BEGIN Data for analysis

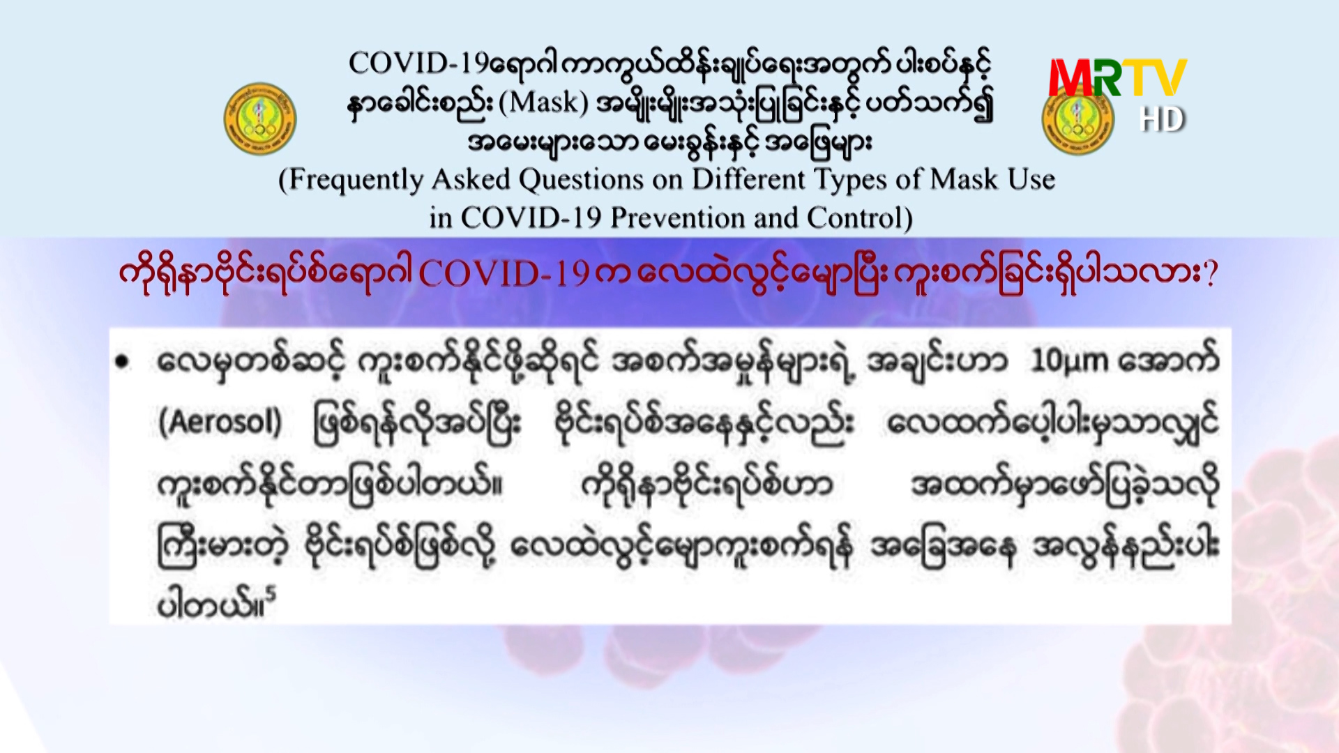 အနောက်ပိုးကရင်ဘာသာ“COVID-19 ရောဂါကာကွယ်ထိန်းချုပ်ရေးအတွက် ပါးစပ်နှင့်နှာခေါင်းစည်း(Mask) အမျိုးမျိုးအသုံးပြုခြင်းနှင့် ပတ်သက်၍အမေးများ သောမေးခွန်းနှင့်အဖြေများ” Monday, April 20, 2020 Monday, April 20, 2020
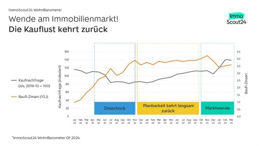 „Angesichts stabiler Zinsen und unzureichender Mietangebote rückt das Thema Immobilienkauf wieder stärker in den Vordergrund. Im Vergleich zum Vorjahr ist das Interesse am Eigentumserwerb erheblich gestiegen – in den Metropolen sogar um 49 Prozent.“, sagt Dr. Gesa Crockford, Geschäftsführerin von ImmoScout24. „Der Angebots-Überhang am Kaufmarkt baut sich bereits ab. Daher nehmen wir an, dass die Kaufpreise in Zukunft steigen werden.“
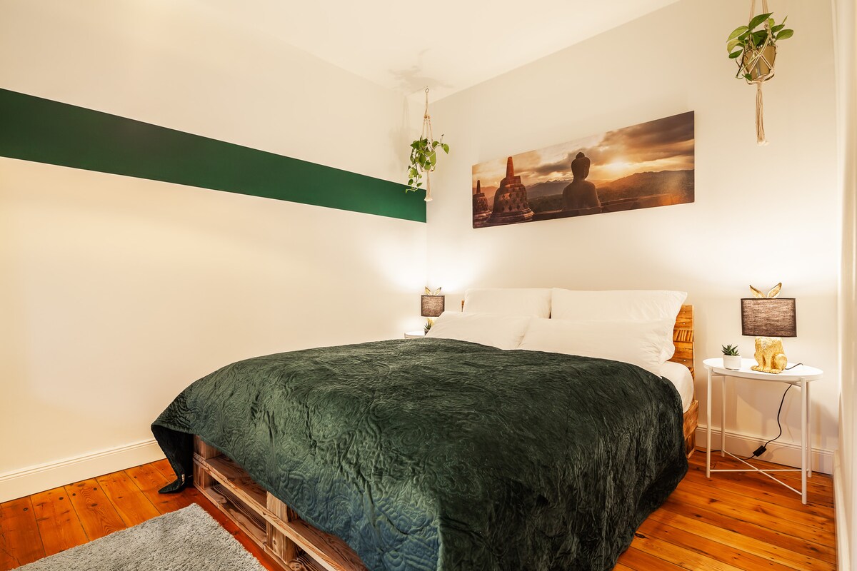 4 habitacions precioses i espaioses en una ubicació molt tranquil·la. 1 dormitori amb llit doble (200 x 200 cm), 1 habitació amb llit gran (140 x 200 cm) i un llit d'hostes (90 x 190 cm) 1 WoZi amb sofà, taula de menjador, televisor, 1 habitació principal i dutxa. Matalàs plegable addicional al terra disponible a petició. Microones, nevera, cuina d'aigua calenta, plats, etc., però no hi ha estufa pròpia. Si cal, la cuina (una planta més alta) es pot utilitzar després d'un breu acord. REWE amb fleca a poca distància a peu.
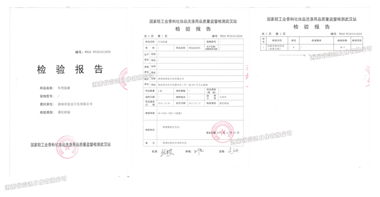 2016年12月,由富達日化自主研發(fā)的車用尿素到國家輕工業(yè)香料化妝品洗滌用品質(zhì)量監(jiān)督檢測武漢站檢測,根據(jù)GB2440-2001《車用尿素》等檢測依據(jù),送檢的產(chǎn)品符合標準要求。
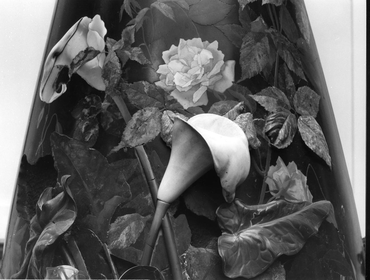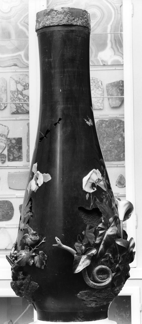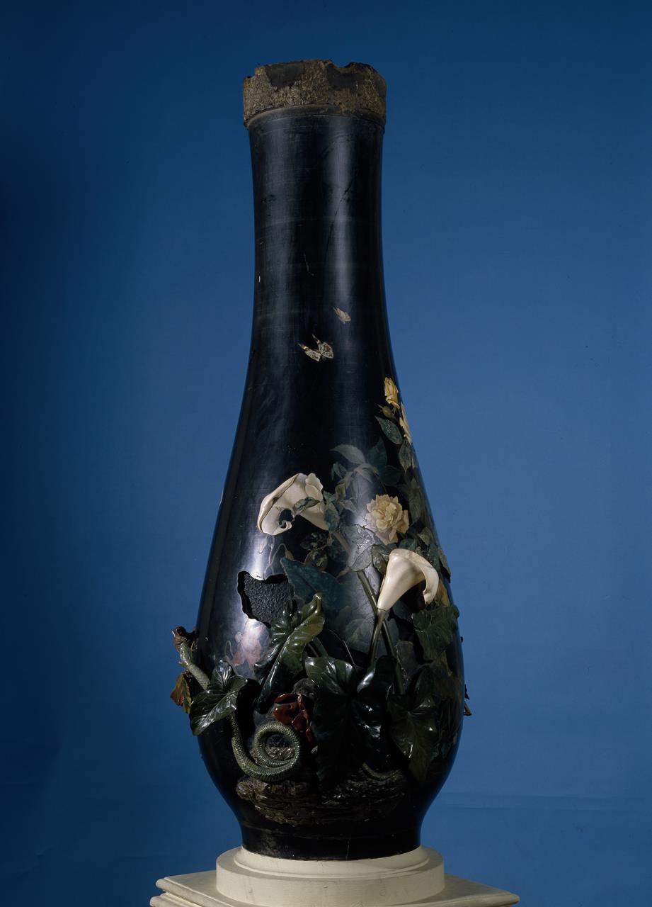 Grande vaso in marmo nero del Belgio con lavori in commesso di pietre dure e a rilievo: vi compaiono diaspri di Volterra, Sicilia, d’Arno, d’Alsazia, di Boemia e Rapolano sanguigno, ametista, agate di Goa, legno silicizzato, cristallo di rocca, calcedonio di Volterra, del Casentino e dei Grigioni. Di forma rotondeggiante che va assottigliandosi nel collo, presenta un complesso e raffinato commesso di fiori, calle, rose, iris, decorato da folto fogliame su cui svolazzano farfalle. Il lavoro a rilievo è altrettanto articolato, con frutta, pampini e racemi che includono anche un uccello ed un sinuoso serpentello che sbuca sotto una lucente foglia d’edera. L’opera non è compiuta, essendo infatti priva della parte terminale a corolla di fiori, che doveva costituire la parte più caratteristica del lavoro
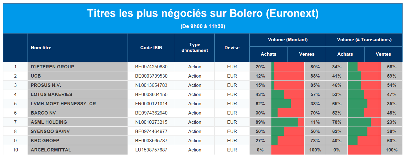 Chaque jour, nous vous offrons un aperçu des titres les plus négociés chez Bolero sur Euronext. Idéal pour prendre la température du marché boursier et pour découvrir les actions ou les titres que les autres investisseurs s'arrachent !
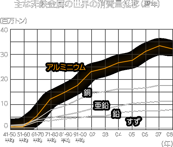 軽くて強く、リサイクル性にも優れた金属「アルミニウム」。これらの特性を活かし、幅広い分野にわたって活躍しています。消費量は全世界で飛躍的に伸びており、他の非鉄金属と比べてもその伸びは顕著。私達の生活やビジネスなど、あらゆるシーンをアルミニウムが支えているのです。
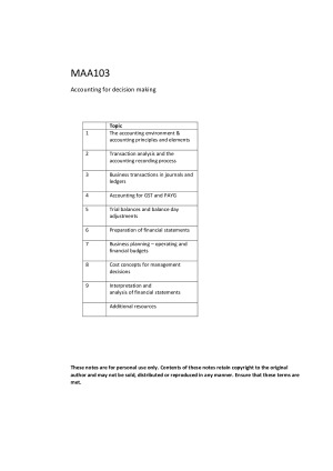 Comprehensive Accounting for Decision Making notes. Includes key theory, illustrations, and worked examples similar to what is likely to present in assessments. Everything needed to enable you to achieve a perfect grade. Good luck! Topics: Topic 1. The accounting environment & accounting principles and elements Topic 2. Transaction analysis and the accounting recording process Topic 3. Business transactions in journals and ledgers Topic 4. Accounting for GST and PAYG Topic 5. Trial balances and balance day adjustments Topic 6. Preparation of financial statements Topic 7. Business planning – operating and financial budgets Topic 8. Cost concepts for management decisions Topic 9. Interpretation and analysis of financial statements
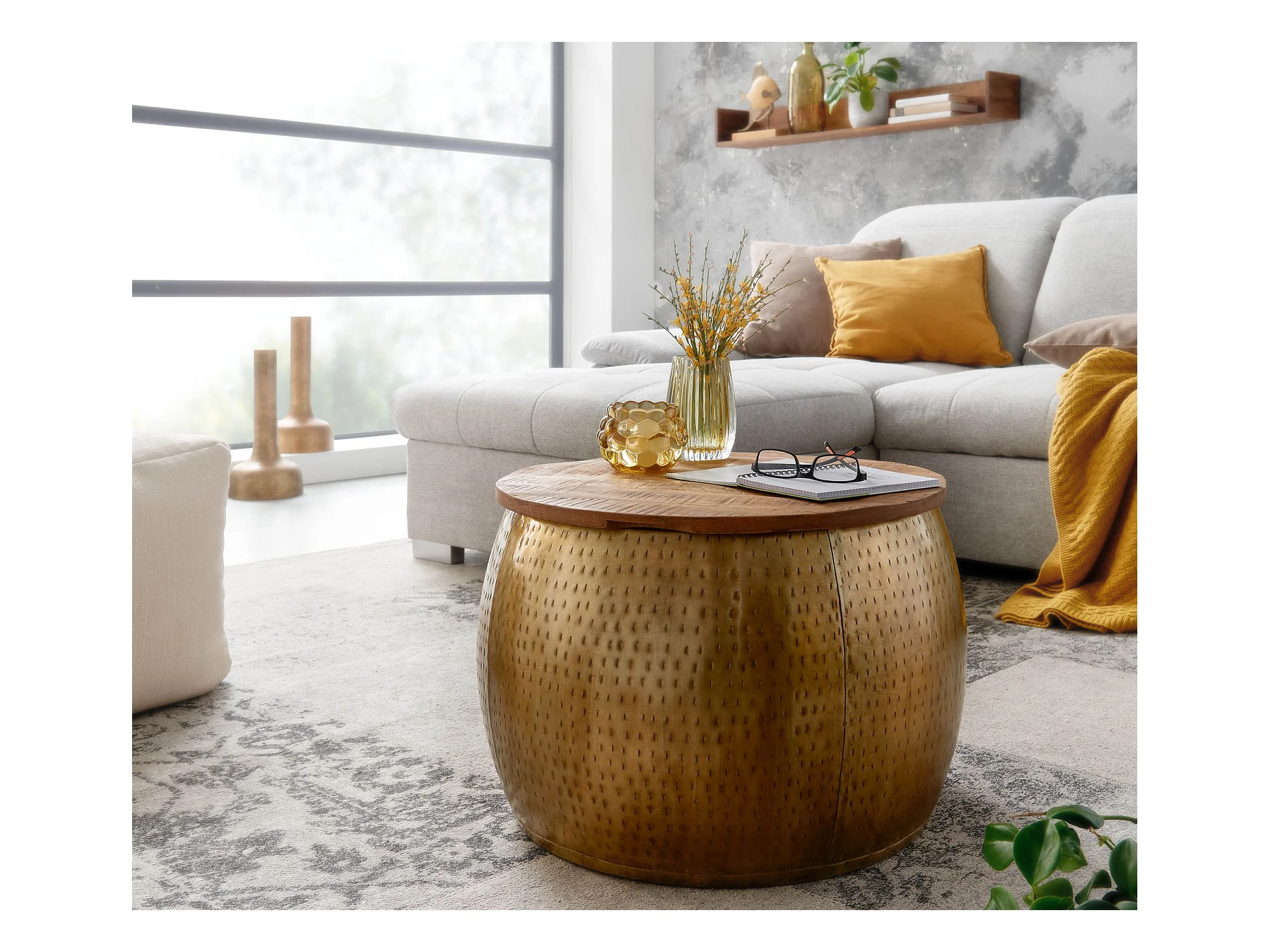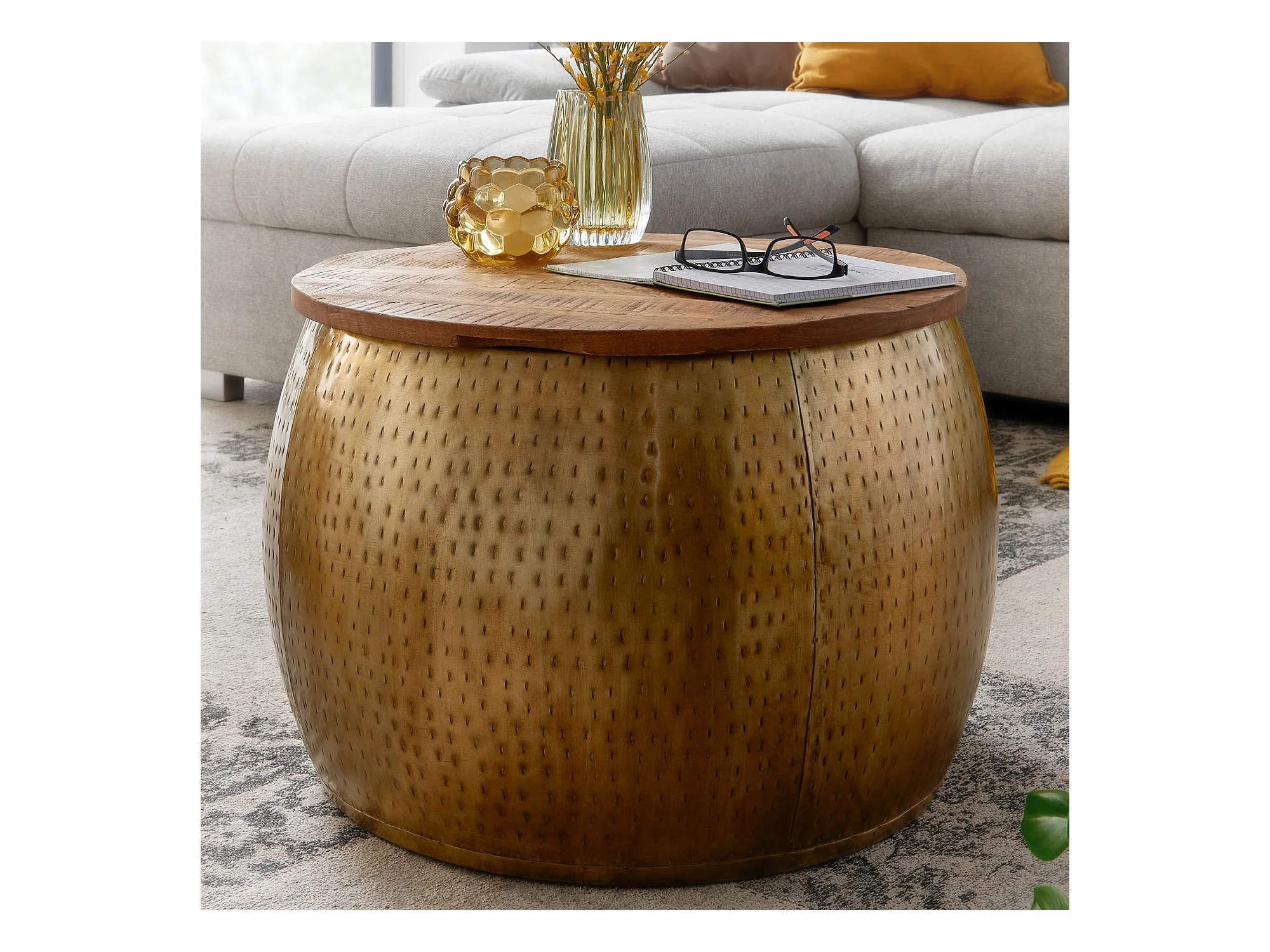 Couchtisch Sofatisch Rund Metall Ø 60 cm Tisch Stauraum Wohnzimmertisch

END Data for analysis

→ **What to produce**
Using the entries above, write out exactly the lines from the one with "2016年12月,由富達日化" through the one with "軽くて強く、リサイクル性にも", ends included. Leave out any pictures.

→ **Exercise answer**
 2016年12月,由富達日化自主研發(fā)的車用尿素到國家輕工業(yè)香料化妝品洗滌用品質(zhì)量監(jiān)督檢測武漢站檢測,根據(jù)GB2440-2001《車用尿素》等檢測依據(jù),送檢的產(chǎn)品符合標準要求。
 Grande vaso in marmo nero del Belgio con lavori in commesso di pietre dure e a rilievo: vi compaiono diaspri di Volterra, Sicilia, d’Arno, d’Alsazia, di Boemia e Rapolano sanguigno, ametista, agate di Goa, legno silicizzato, cristallo di rocca, calcedonio di Volterra, del Casentino e dei Grigioni. Di forma rotondeggiante che va assottigliandosi nel collo, presenta un complesso e raffinato commesso di fiori, calle, rose, iris, decorato da folto fogliame su cui svolazzano farfalle. Il lavoro a rilievo è altrettanto articolato, con frutta, pampini e racemi che includono anche un uccello ed un sinuoso serpentello che sbuca sotto una lucente foglia d’edera. L’opera non è compiuta, essendo infatti priva della parte terminale a corolla di fiori, che doveva costituire la parte più caratteristica del lavoro
 Chaque jour, nous vous offrons un aperçu des titres les plus négociés chez Bolero sur Euronext. Idéal pour prendre la température du marché boursier et pour découvrir les actions ou les titres que les autres investisseurs s'arrachent !
 軽くて強く、リサイクル性にも優れた金属「アルミニウム」。これらの特性を活かし、幅広い分野にわたって活躍しています。消費量は全世界で飛躍的に伸びており、他の非鉄金属と比べてもその伸びは顕著。私達の生活やビジネスなど、あらゆるシーンをアルミニウムが支えているのです。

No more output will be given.